_What needs to be done_:
Copy out only the lines running from the one that contains "- ↑ Koblin DD, Chortkoff" through the end of the listing. Pictures stay out.

_Dataset section_:
▼▼▼

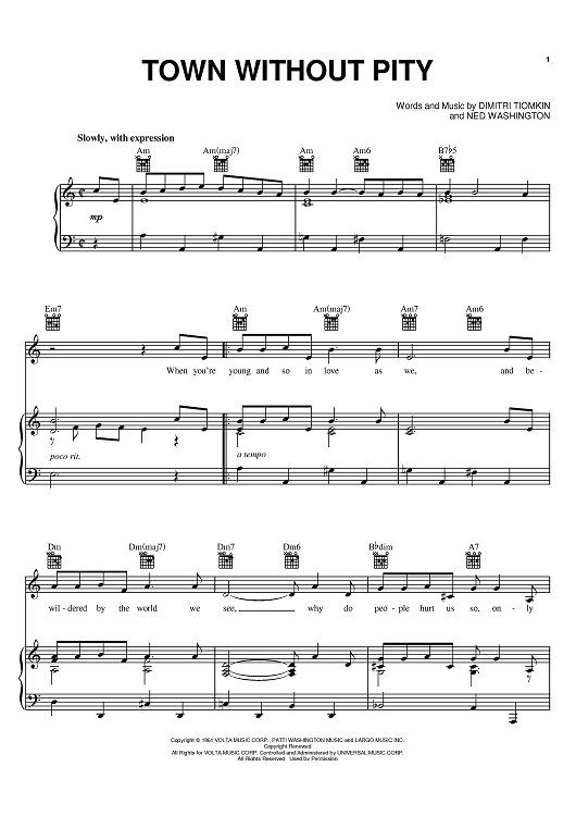 Digital Sheet Music for Town Without Pity by Dimitri Tiomkin, Ned Washington, Gene Pitney, Ronnie Montrose scored for Piano/Vocal/Chords; id:381637
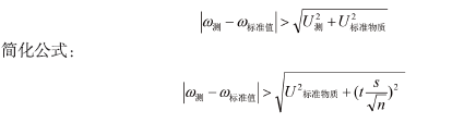 如果實驗室對標(biāo)準(zhǔn)物質(zhì)的測量值超出了標(biāo)準(zhǔn)物質(zhì)特性量值的不確定度范圍,是不能直接得出測量結(jié)果存在偏差的結(jié)論的,原因是標(biāo)準(zhǔn)物質(zhì)的不確定度U標(biāo)準(zhǔn)物質(zhì)僅包括了與標(biāo)準(zhǔn)物質(zhì)定值、均勻性、穩(wěn)定性有關(guān)的不確定度,沒有涉及用戶在實驗室里對標(biāo)準(zhǔn)物質(zhì)進(jìn)行測量有關(guān)的隨機不確定度U測。因此,應(yīng)采取以下通用公式判斷標(biāo)準(zhǔn)物質(zhì)測量值與標(biāo)準(zhǔn)值之間存在顯著偏差:
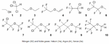 - ↑ Koblin DD, Chortkoff BS, Laster MJ, Eger EI II, Halsey MJ, Ionescu P (1994). "Polyhalogenated and perfluorinated compounds that disobey the Meyer-Overton hypothesis". Anesth Analg. 79 (6): 1043–8. doi:10.1213/00000539-199412000-00004. PMID 7978424.
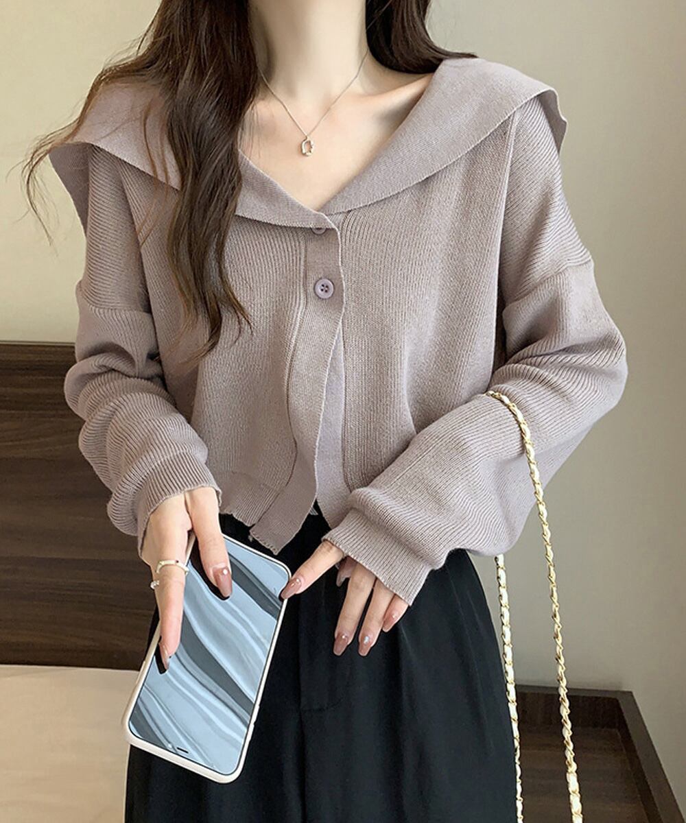 二つボタン仕様でさっと羽織れる気軽さが魅力のニットカーディガン

▲▲▲

_Task response_:
 - ↑ Koblin DD, Chortkoff BS, Laster MJ, Eger EI II, Halsey MJ, Ionescu P (1994). "Polyhalogenated and perfluorinated compounds that disobey the Meyer-Overton hypothesis". Anesth Analg. 79 (6): 1043–8. doi:10.1213/00000539-199412000-00004. PMID 7978424.
 二つボタン仕様でさっと羽織れる気軽さが魅力のニットカーディガン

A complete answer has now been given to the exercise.